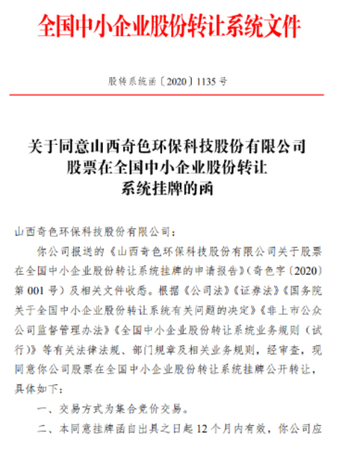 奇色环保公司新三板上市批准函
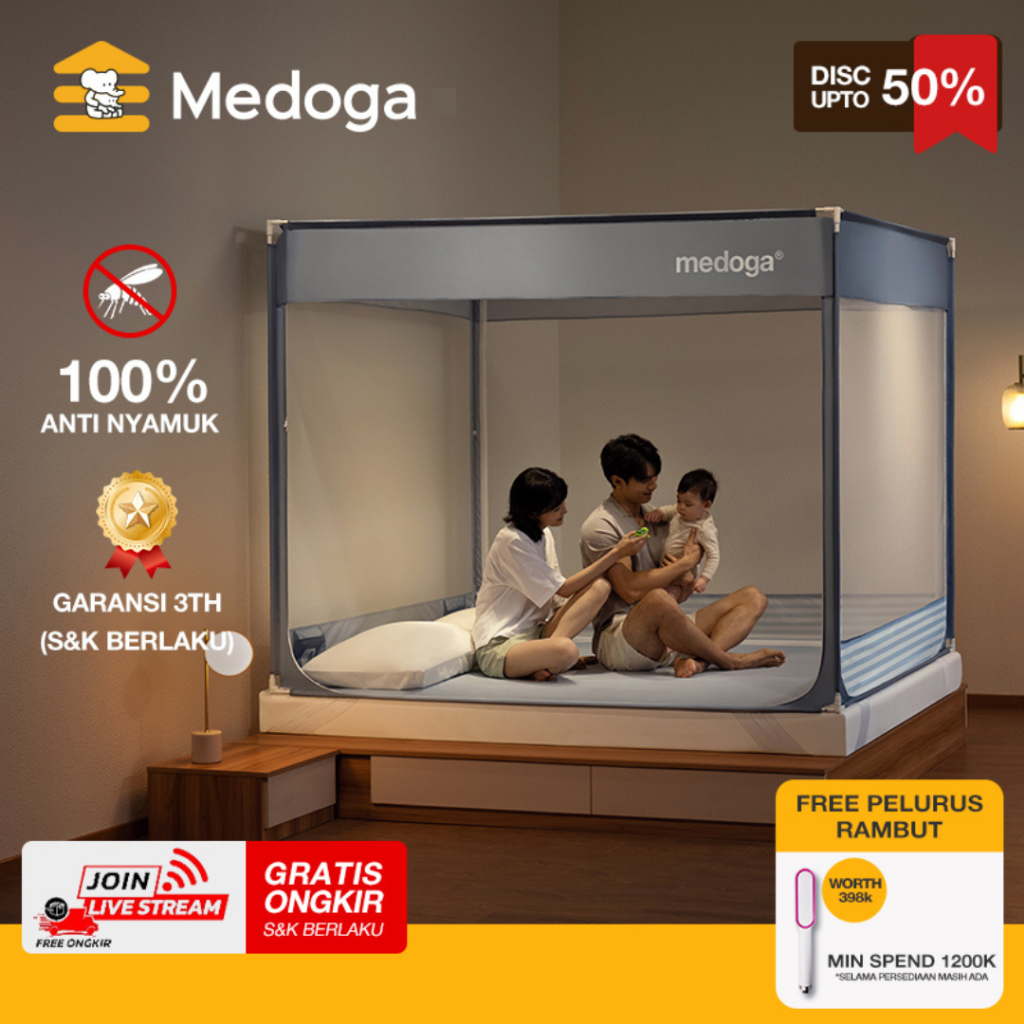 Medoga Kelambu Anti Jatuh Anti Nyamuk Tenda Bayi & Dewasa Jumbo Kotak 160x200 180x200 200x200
^^^^^^^^
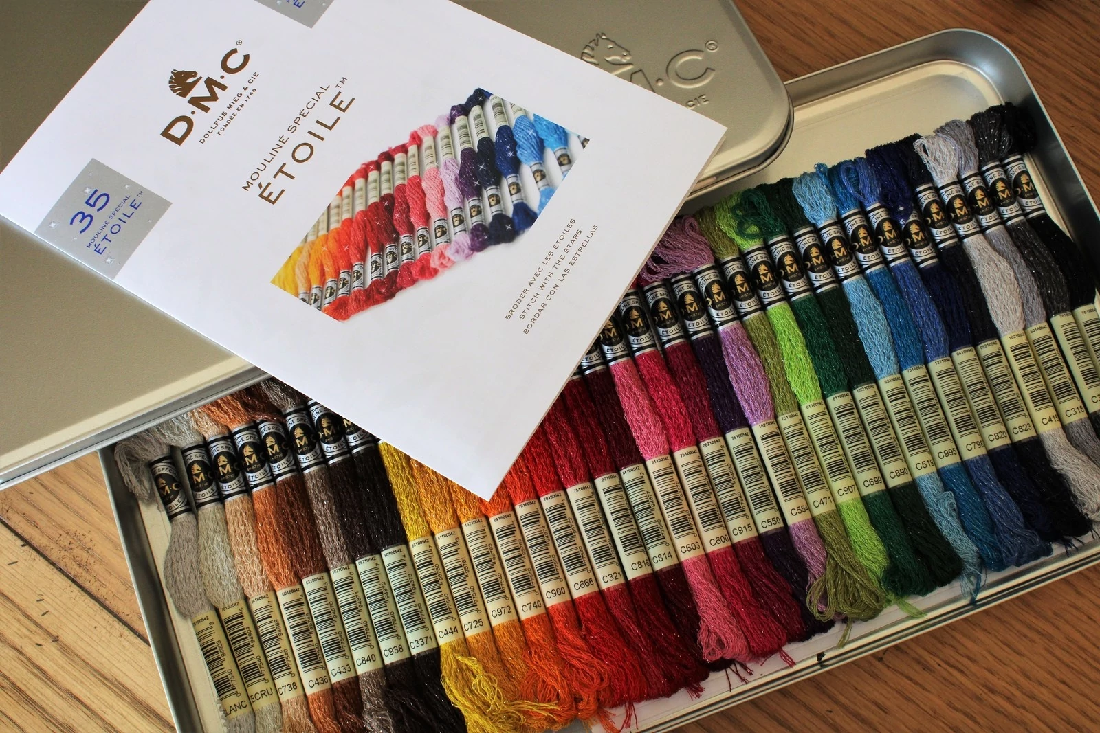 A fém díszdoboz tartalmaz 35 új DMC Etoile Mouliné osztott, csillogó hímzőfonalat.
^^^^^^^^
WHAT THE TASK REQUIRES = Starting at the line above that contains "奇色环保公司新三板上市批准函", transcribe every line exactly through the line that contains "Medoga Kelambu Anti", including that last one, and skip the pictures.

RESPONSE =
 奇色环保公司新三板上市批准函
 Medoga Kelambu Anti Jatuh Anti Nyamuk Tenda Bayi & Dewasa Jumbo Kotak 160x200 180x200 200x200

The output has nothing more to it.